В кромешной тьме Хью так и не понял, откуда его достали разрядом хлыста. Нестерпимая жгучая боль пронзила все его тело, и он провалился в беспамятство.
Глава двадцатая
Долгое время мистер Фарнхэм не чувствовал ничего, кроме боли. Когда она немного отпустила его, он обнаружил, что находится в камере, наподобие той, в которой он провел первые дни в имении Лорда-Протектора.
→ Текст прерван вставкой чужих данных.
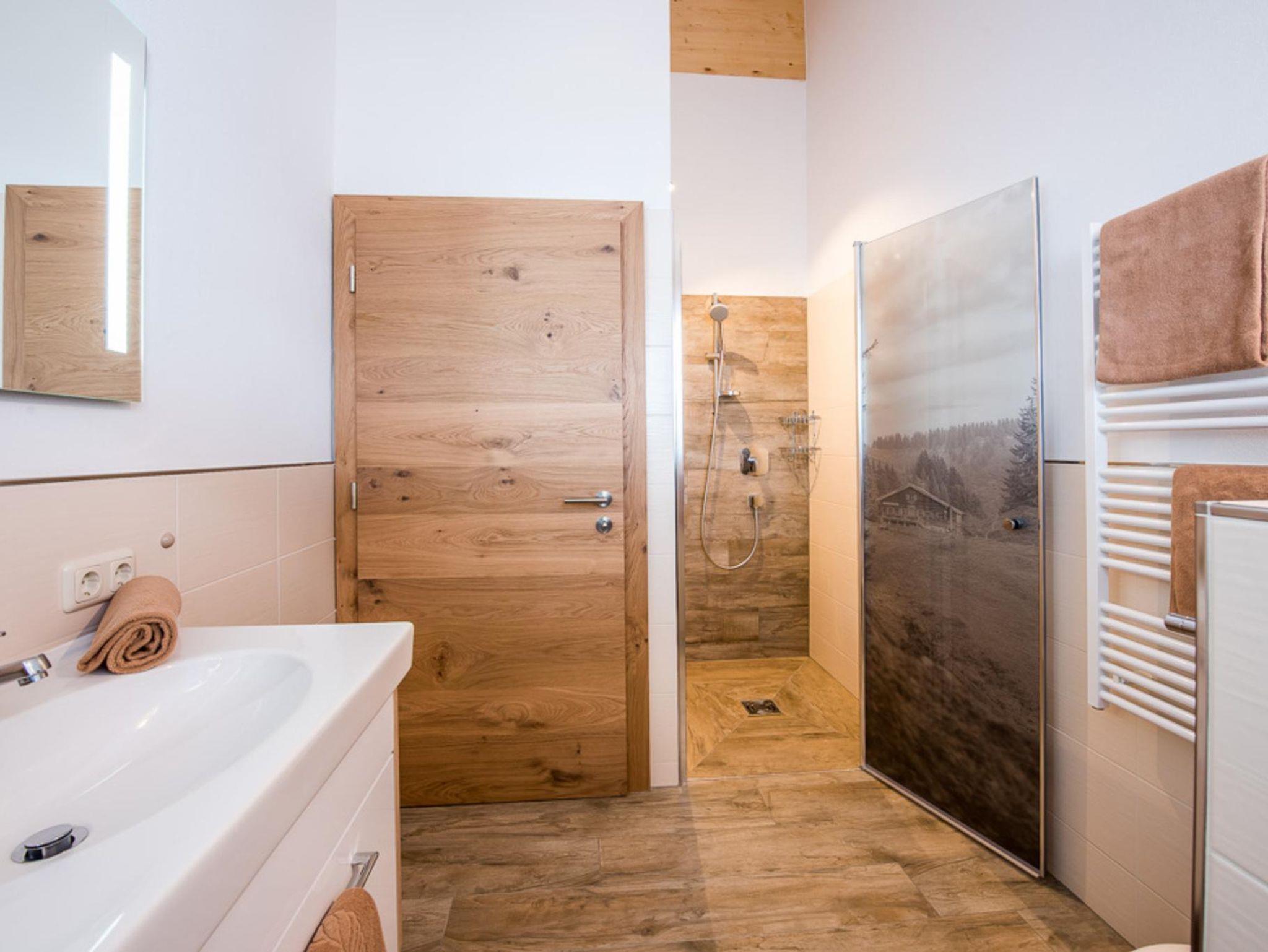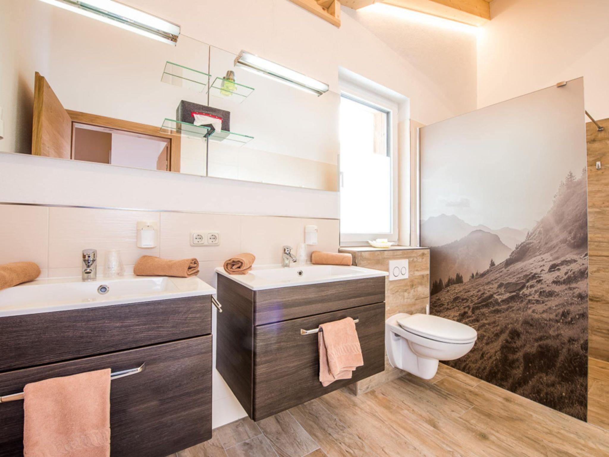 * 1 Bad mit Dusche, Doppelwaschbecken und WC, + WC

Он пробыл в ней три дня. По крайней мере, так ему показалось, потому что кормили его за это время шесть раз. Перед раздачей пищи его обволакивала невидимая «паутина», кто-то входил, оставлял пищу, менял парашу и уходил. Слуга, который делал все это, не отвечал ни на какие вопросы.
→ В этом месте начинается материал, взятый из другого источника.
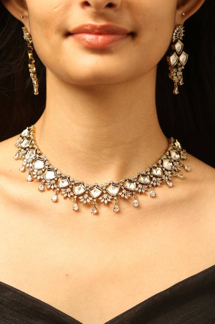 | Product Description | This Glamorous Crystal Necklace Set Showcases Brilliant Clear Stones Arranged In An Intricate Floral Inspired Design. The Layered Detailing Creates Luxurious Sparkle, While Long Chandelier Earrings Add Dramatic Elegance. Perfect For Brides, Receptions, And Formal Celebrations. |

На четвертый день, утром, невидимая паутина схватила его совершенно неожиданно (только что была кормежка), и в камеру вошел его старый знакомый и «кузен» Главный Ветеринар. У Хью были более чем веские основания подозревать о причине его визита, и он стал требовать, чтобы его отвели к Лорду-Протектору, перейдя в конце концов на крик.
Врач никак не отреагировал на его бурное возмущение. Он вколол что-то Хью в бедро и вышел.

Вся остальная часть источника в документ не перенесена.